As the global energy industry stares transfixed at a spectacular drop in U.S. rigs, Saudi Arabia is ramping up the number of machines drilling for oil and gas despite a sharp fall in the price of crude.
Industry sources and analysts say the OPEC kingpin is looking beyond the halving of global oil prices since June 2014 to a time when crude could again be in short supply.
Riyadh is therefore keen to preserve what is known as its spare capacity – the kingdom’s unique ability to raise oil output quickly at any given moment.
But to achieve that, Saudi Arabia has to drill much more than in the past, after boosting output to record levels to compensate for global supply outages in the past four years.
“The Saudis are probably worried about everyone else reducing capex as a result of low oil prices and about non-OPEC output falling off a cliff at some point. We all know that supply disruptions are unpredictable but they are certain,” said Gary Ross, executive chairman of New York oil consultancy PIRA.
“The increase in Saudi rig numbers is like a signal to the industry – let’s be rational. We will need supply growth in the future.”
State oil giant Saudi Aramco used a record-high 210 oil and gas rigs in 2014, up from around 150 in 2013, 140 in 2012 and some 100 in 2011, according to previous industry estimates.
Amin Nasser, Aramco’s senior vice-president for upstream operations, said this month his firm had yet to decide whether to increase the rig number in 2015 from the 212 currently in use.

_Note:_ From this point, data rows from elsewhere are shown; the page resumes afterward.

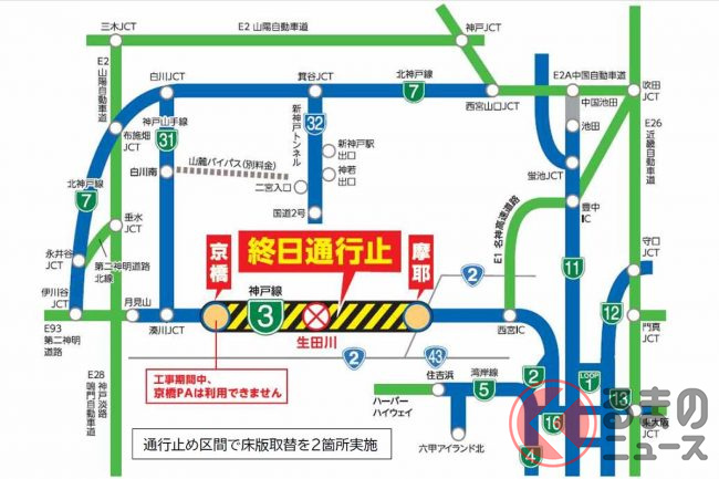 区間は、3号神戸線(上下線)の京橋~摩耶間約4.2kmです。京橋PAは閉鎖されます。
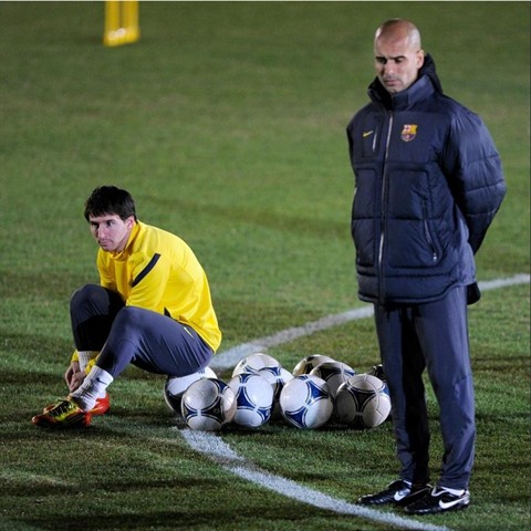 | Le jeune Lionel Messi à l'entraînement avec son entraîneur au FC Barcelone Pep Guardiola, le 12 décembre 2011 à Yokohama (Japon). |
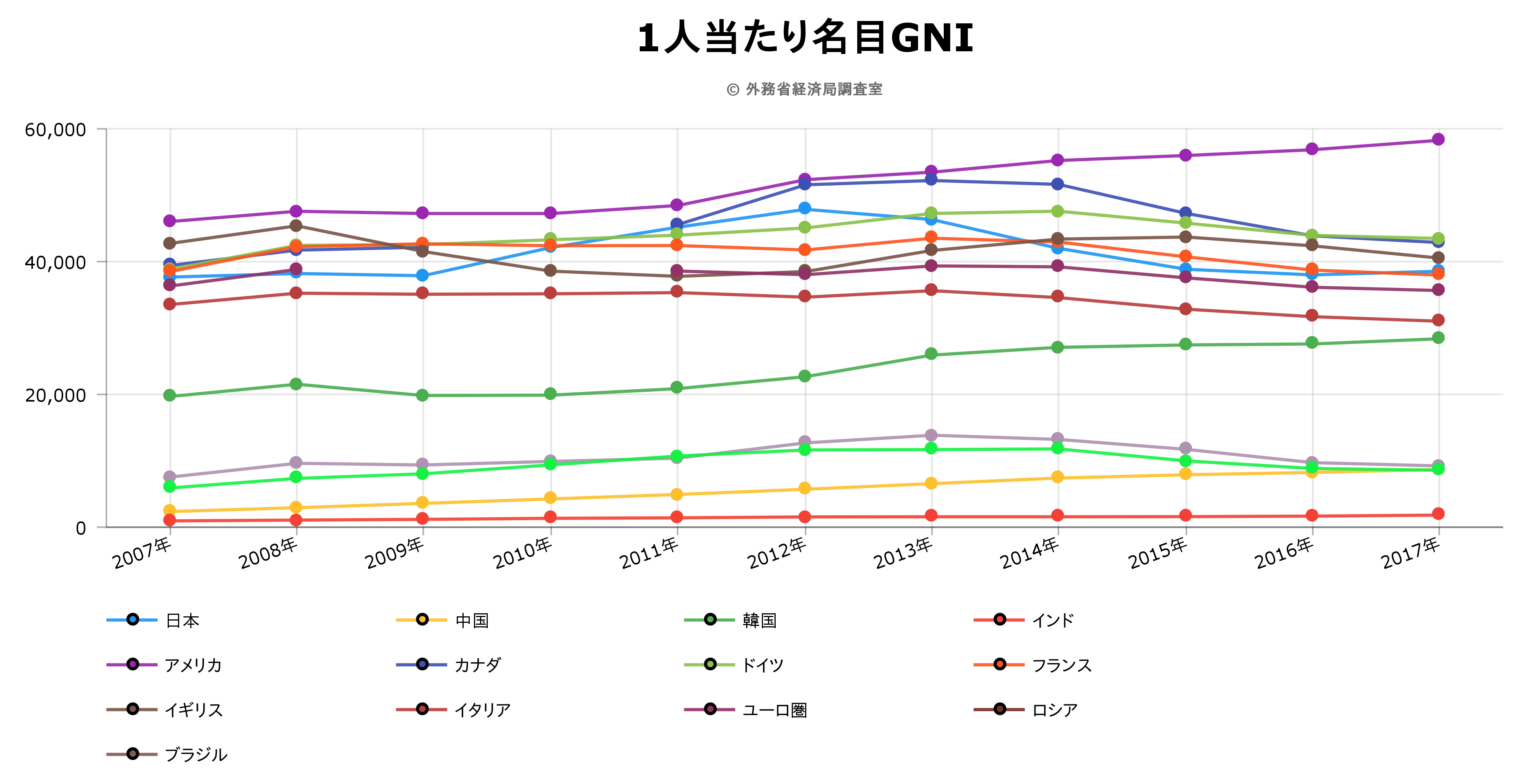 (単位:ドル) データ元:外務省経済局調査室「主要経済指標」、World Bank, World Development Indicators, June 28, 2018
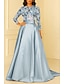 А-силуэт В пол Вечернее платье Бальное платье с верхней юбкой Торжественное платье Элегантный стиль Рукав 3/4 Вырез под горло Свадьба Официальные Стретч-сатин с Плиссировка
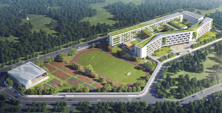 项目自配建9班幼儿园以及54班(30班小学+24班初中)九年一贯制的广东番禺中学实验学校

But data shows the numbers are still rising.
Excluding non-U.S.-registered rigs such as Chinese or Russian, February 2015 saw a total Saudi rig count of 155, up from 150 in January and 146 in December, according to data from OPEC and U.S. oil services company Baker Hughes. Since 2010, the number of U.S.-registered rigs has doubled from 67.
Sadad al-Husseini, a former senior executive at Aramco and now an energy consultant, said the rise in the Saudi oil rig count had been evolving over a long period.
“You need to drill more wells if you are producing 10 million barrels per day and maintaining your spare capacity,” he said.
“It is also a natural phenomenon in the oil business, that the more you produce, the more you deplete your reserves and the more rapidly your field capacity declines. You need to drill more wells more frequently, simply to maintain production capacity.”
FOCUS ON GAS
Maintaining Saudi Arabia’s spare-capacity cushion for oil is costly.
The country is effectively investing in something it cannot monetise immediately, but it sees the strategy as a pillar of its stature as the most important global oil player and a G20 member.
In 2008, Oil Minister Ali al-Naimi said production capacity would rise to 15 million bpd from 12.5 million but the plan was put on hold after the global financial meltdown of late 2008 saw oil plunge below $40 a barrel.
Subsequent events such as Libya’s 2011 civil war tested the Saudi ability to ramp up output to help soothe global supply outages and showed that spare capacity could not be eroded if Riyadh wanted to continue playing a key role.
Saudi Arabia’s refusal to cut output last year has played a part in the most recent oil price slump, as Riyadh fights to maintain its market share against competing sources of crude.
The OPEC heavyweight has been pumping more than 9 million bpd since mid-2011, up from 8.1-8.3 million for most of 2009-2010.
To ease pressure on its ageing giant fields, Ghawar and Abqaiq, Aramco launched the Khurais and Manifa fields with total capacity of more than 2 million bpd.
It plans to increase output from onshore fields – Shaybah and Khurais – by 550,000 bpd by 2017. It has also been ramping up drilling in offshore fields such as Safaniyah.
The projects should allow Aramco to preserve the world’s largest spare-capacity cushion at more than 2 million bpd.
For 2015, industry sources estimated Aramco would deploy at least the same number of rigs as in 2014. Aramco declined to comment for this report.
Over the past two years, Saudi production has sometimes exceeded 10 million bpd in summer months as crude is burnt locally for power generation and new refineries.
That forced Aramco to put more emphasis on gas exploration, as higher gas output would help preserve spare oil capacity.
“Aramco’s focus now is more on gas, so they have been moving some of their oil rigs to gas rather than terminating the contract and paying a penalty,” an oil industry executive in Saudi Arabia said.